Hirschsprung's disease in children is not so frequent, but very serious, and therefore the confusion of parents who hear such a diagnosis is quite understandable. The name of the disease is not even heard by most moms and dads, and therefore there are more questions about this disease than answers.

What it is?

Hirschsprung's disease gets its name from the surname of pediatrician Harald Hirschsprung, who first described the illness after the death of two of his young patients from severe chronic constipation. Also, this disease has other names - agangliosis of the colon or congenital megacolon.

It should be noted that the disease is a congenital anomaly in the development of the large intestine, in which defecation is extremely difficult due to the fact that innervation is disturbed (nerve connections or nerve structure) in one of the sections of the large intestine, more often the lower ones.
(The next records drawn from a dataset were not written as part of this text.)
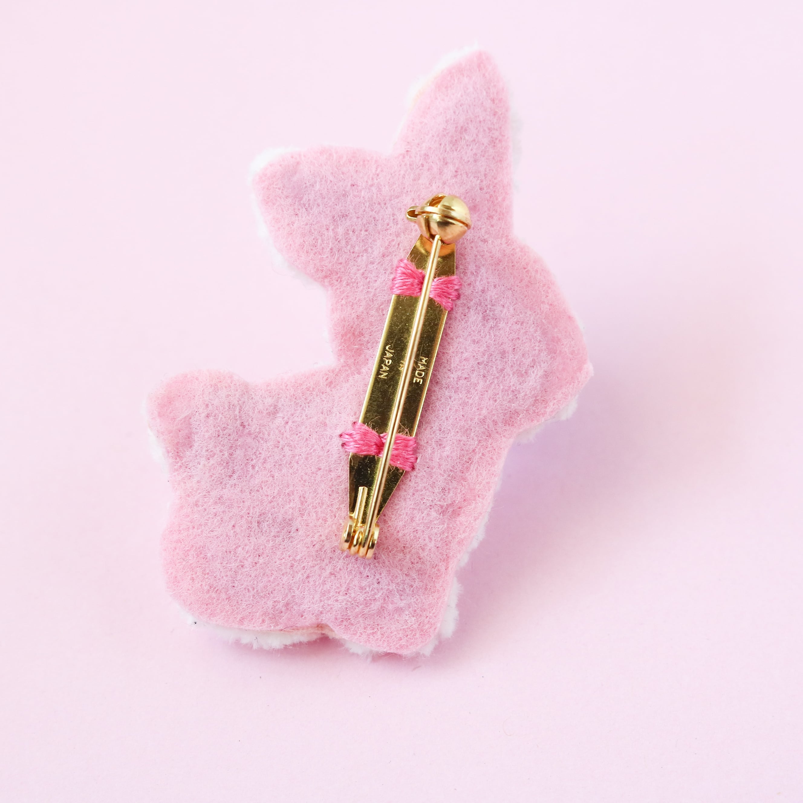 裏面はフエルト生地にブローチピンを固定しています。
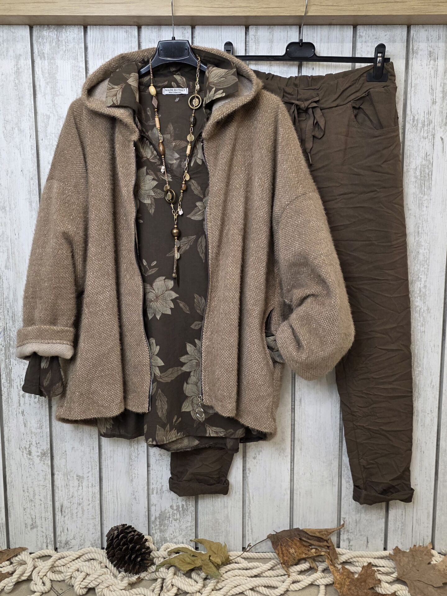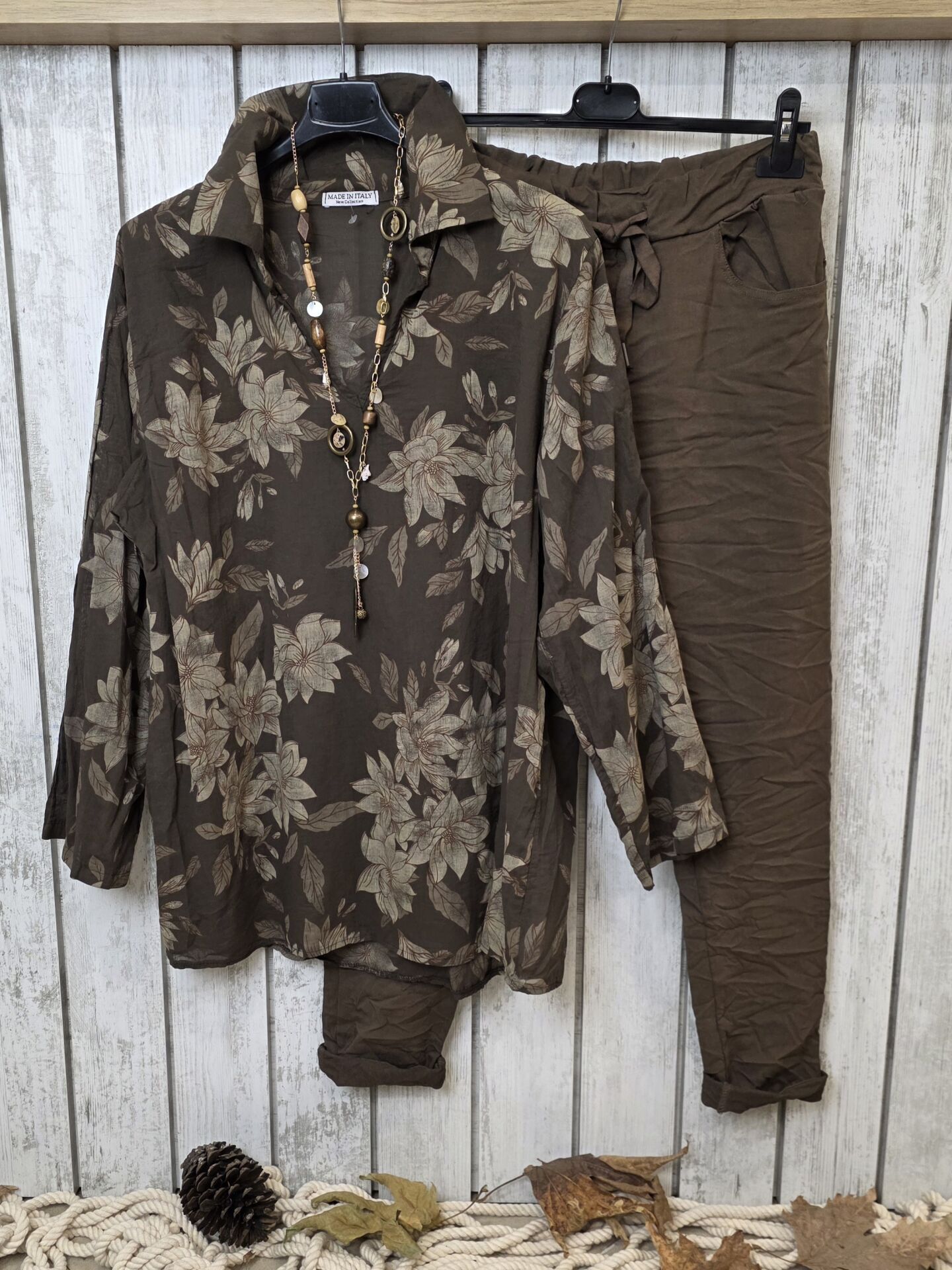 İnce Pamuklu İtalyan Gömlek Kahve Desenli
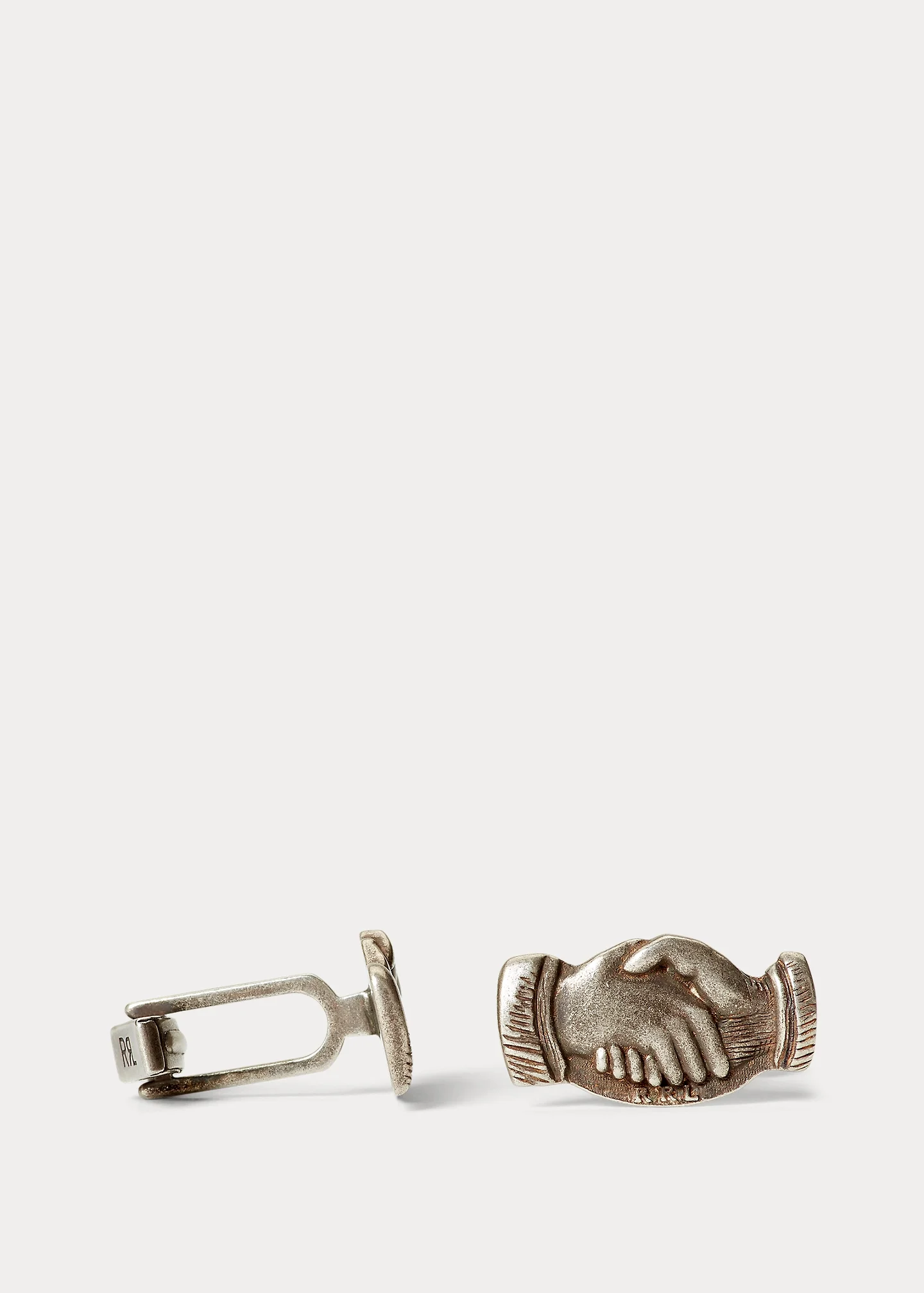 Silver-plated cuff links. Handshake motif and “R.R.L” engraved at the front. Comes in a signature box and with a dust bag. DETAILS - Set of two cuff links. - T-back fastening. - ¾" wide. - Handshake motif and "R.R.L" engraved at the front. - Silver-plated metal. - Imported. - Comes in a signature box and with a dust bag. Style Number: 538888
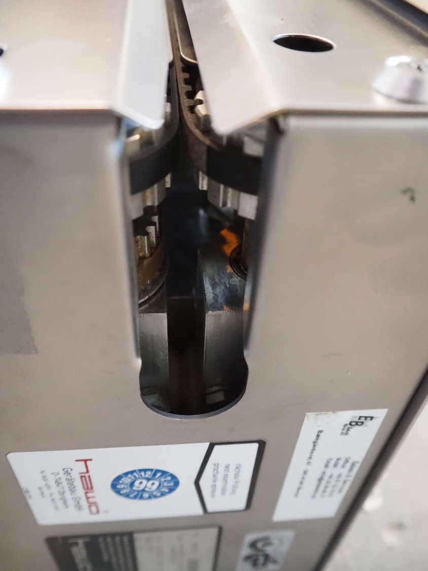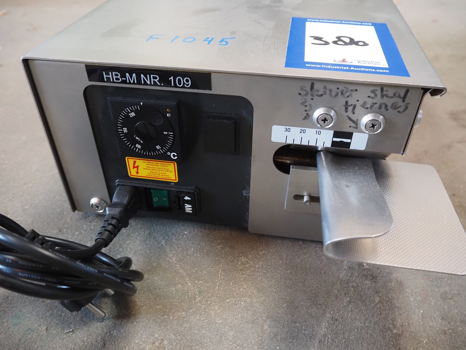 Hawo Gerätebau GmbH s/s rotary sealing unit, type: HM 500 DEL, serial number: 964304, 220/240 V, 50 Hz, 0.5 kW, weight: 15 Kg, dimensions: 600 mm x 300 mm x 150 mm.

As a result of the fact that the nervous activity in this department is disturbed, a decrease in peristalsis develops up to its complete absence, and in the parts of the intestine located above the affected zone, deposition of a large amount of feces.

According to the WHO, Hirschsprung's disease in childhood occurs in one in 5,000 newborns. There are other data suggesting that the disease occurs with a frequency of 1: 2000 newborns. Boys are more susceptible to congenital disease - for one sick girl there are four small representatives of the stronger sex.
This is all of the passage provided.